Iowa Senators Chuck Grassley and Joni Ernst were among the group of senators that proposed the Cattle Price Discovery and Transparency Act back in November. If passed, the bill would be a “compromise cattle market proposal” to help enforce market transparency.

If passed the bill would;

  • Establish regional minimum thresholds of negotiated cash and grid trade based on an 18-month regional average
  • Require the USDA to create a public library of marketing contracts between packers and producers in a way that would ensure confidentiality
  • Prohibit the USDA from using confidentiality as an excuse to not report.
  • Require timely reports of cattle carcass weight and number of cattle scheduled for slaughter in a 14-day time period

Since the announcement of the bill, industry shareholders have expressed mixed feelings about the bill. Groups for the bill such as the US Cattlemen’s Association, are saying the transparency around it will help strengthen cattle producers’ bottom line. Others, such as the North American Meat Institute, said this could ultimately hurt the producers.

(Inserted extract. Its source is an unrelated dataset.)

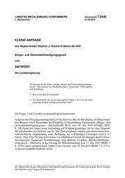 LANDTAG MECKLENBURG-VORPOMMERN Drucksache 7/2448 7. Wahlperiode 07.08.2018 KLEINE ANFRAGE des Abgeordneten Stephan J. Reuken Fraktion der AfD Bürger- und Gemeindenbeteiligungsgesetz und ANTWORT der Landesregierung Zur Antwort auf die Kleine Anfrage „Bürger- und Gemeindenbeteiligungs- gesetz - Mitverdienst an Windkraftanlagen“ Drucksache 7/490 ergeben sich Nachfragen. 1. Wie ist der aktuelle Sachstand? 2. Wie beantwortet die Landesregierung die Fragen 1 bis 5 aus der oben genannten Kleinen Anfrage aus heutiger Sicht? Die Fragen 1 und 2 werden zusammenhängend beantwortet. Aufgrund der Übergangsregelung nach § 16 des Gesetzes über die Beteiligung von Bürgerinnen und Bürgern sowie Gemeinden an Windparks in Mecklenburg-Vorpommern (Bürger- und Gemeindenbeteiligungsgesetz - BüGembeteilG M-V) vom 18. Mai 2016 (GVOBl. M-V, S. 258) findet das Gesetz keine Anwendung auf Windenergieanlagen, die bis zum Zeitpunkt des Inkrafttretens des Gesetzes am 28. Mai 2016 genehmigt wurden oder deren immissions- schutzrechtliche Genehmigung unter Beifügung der vollständigen Unterlagen nach § 10 Absatz 1 Satz 2 des Gesetzes zum Schutz vor schädlichen Umwelteinwirkungen durch Luftver- unreinigungen, Geräusche, Erschütterungen und ähnliche Vorgänge (Bundes-Immissions- schutzgesetz - BImSchG) in der Fassung der Bekanntmachung vom 17. Mai 2013 (BGBl. I S. 1274), zuletzt geändert durch Artikel 3 des Gesetzes vom 18. Juli 2017 (BGBl. I S. 2771), zu diesem Zeitpunkt beantragt wurde. Der Minister für Energie, Infrastruktur und Digitalisierung hat namens der Landesregierung die Kleine Anfrage mit Schreiben vom 6. August 2018 beantwortet.

The American Farm Bureau spoke out last week saying the organization mostly supports the bill but is asking for some revisions.

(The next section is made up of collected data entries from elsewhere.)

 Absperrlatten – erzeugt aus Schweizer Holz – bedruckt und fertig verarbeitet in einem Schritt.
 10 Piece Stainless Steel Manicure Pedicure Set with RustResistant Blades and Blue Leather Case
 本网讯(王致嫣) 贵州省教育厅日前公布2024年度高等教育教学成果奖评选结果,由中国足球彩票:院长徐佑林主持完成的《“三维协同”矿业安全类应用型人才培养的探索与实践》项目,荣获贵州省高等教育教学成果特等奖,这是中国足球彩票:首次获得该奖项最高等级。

Scott Bennett Director of Congressional Relations for American Farm Bureau says that a vote at the organization’s national convention earlier this month passed a policy that dictates the organization does not support government-mandated trade.

We support every aspect of the bill. Except that except the portion that would require a government-mandated negotiated trade.

American Farm Bureau is a grassroots organization that relies on its members to dictate the policies the organization stands by each year.